O presidente da CP, Carlos Nogueira, assumiu o cargo de presidente da Fundação Museu Nacional Ferroviário, as questões colocadas via CP foram um não assunto. Não houve respostas.

Carlos Nogueira assumiu a responsabilidade da entidade mas não o compromisso de ajudar a compreender a posição e actual ponto de situação do núcleo e acervo que está em Lagos, se existe algum projecto com vista a rentabilizar o espaço e as peças, e depois do que ocorreu em VRSA que garantias há que o que está em Lagos está protegido.

Cenário que lado da Fundação, apesar de várias tentativas de contactos, também não foi possível obter.

Incêndio de Vila Real de Santo António

Relativamente à questões colocadas sobre o incêndio ocorrido em Vila Real de Sto.
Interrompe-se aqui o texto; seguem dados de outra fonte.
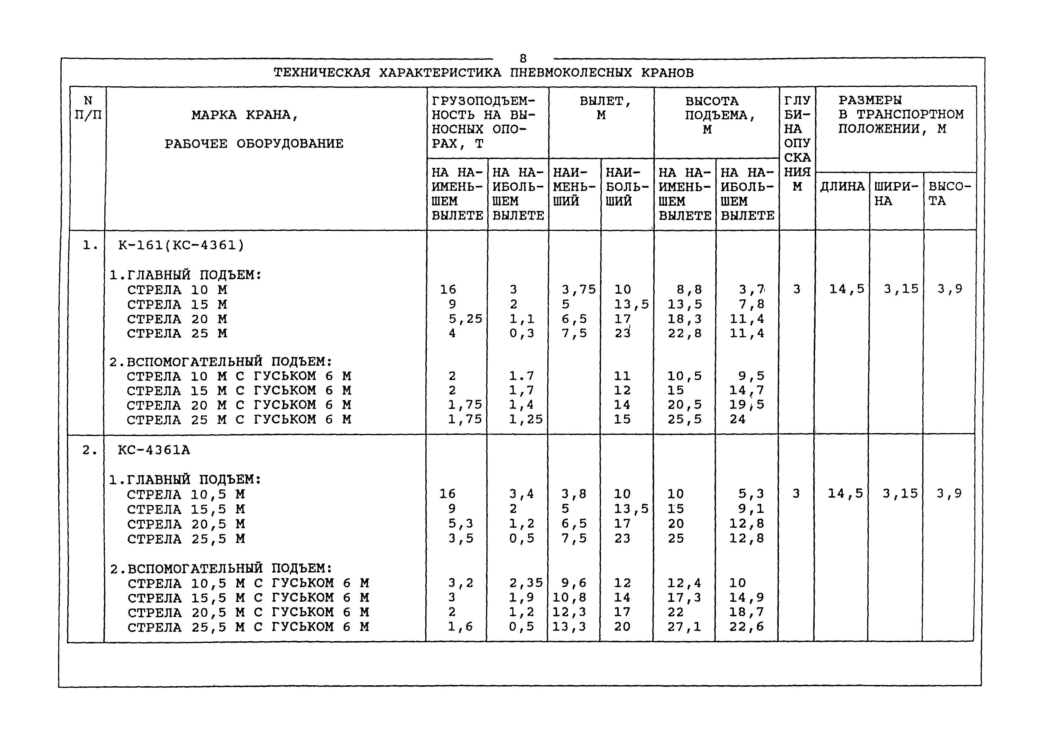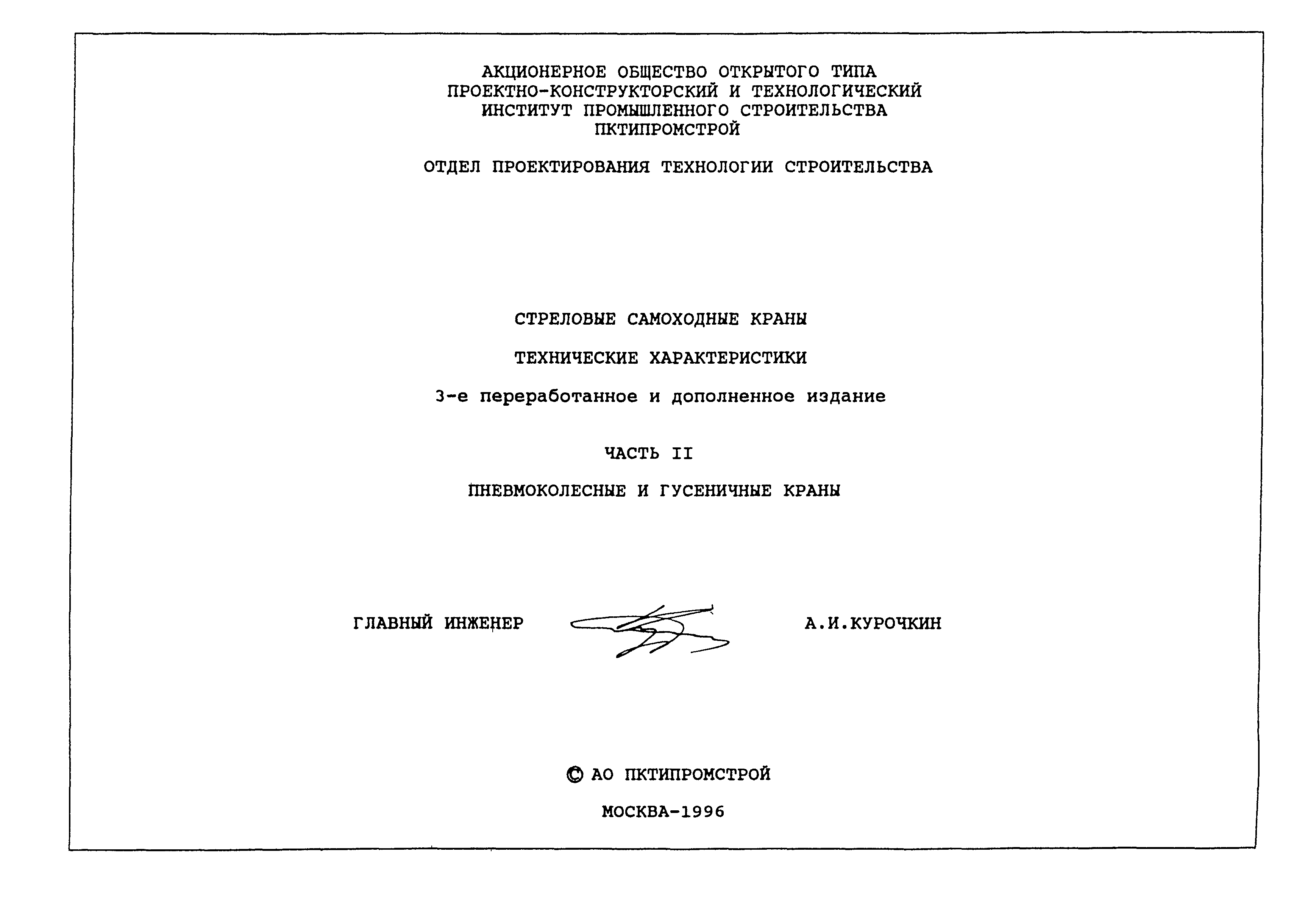 | Название рус.: | Стреловые самоходные краны. Технические характеристики. Часть II. Пневмоколесные и гусеничные краны |

António  a CP informou que “desconhece qual a causa do incêndio”.

De fora ficaram questões como de quem eram os veículos que estavam no armazém que ardeu, se se confirmava a existência de peças para Museu no lote, quais seriam, o que ardeu ou se se salvou alguma peça.

Mas respondeu, para lá das causas, a titularidade do armazém. “Mais informamos que o imóvel, alvo do sinistro, não pertence a qualquer empresa do grupo CP”, adiantou a empresa publica onde o presidente Carlos Nogueira que acumula, desde Fevereiro, funções de presidente da FMNF.

Embora o quadro fornecido pelo operador publico esclareça que não é dono imóvel, fica a dúvida se havia algum material circulante, quem seria o dono, e se realmente ardeu alguma coisa no edifício.

Parece que sim, que ardeu alguma coisa, e consta que a IP, empresa detentora e gestora da infraestrutura, participou o sucedido às autoridades e também à CP.

O edifico, que se encontrava em bom estado numa estação guarnecida com um pólo oficinal da EMEF perto, ficou destruído bem como todo o material circulante que lá estava dentro, apurou a webrails.tv.

Dada a reserva da empresa pública CP fica por esclarecer, por exemplo, quem era o dono dos guindaste e carruagem destruídos no incêndio com a indicação “Museu”.

Mais nítido neste caso é que o núcleo de Lagos ficou a perder com o incêndio. Serão menos duas peças para o acervo e colecção do espaço, que por enquanto se encontra fechado.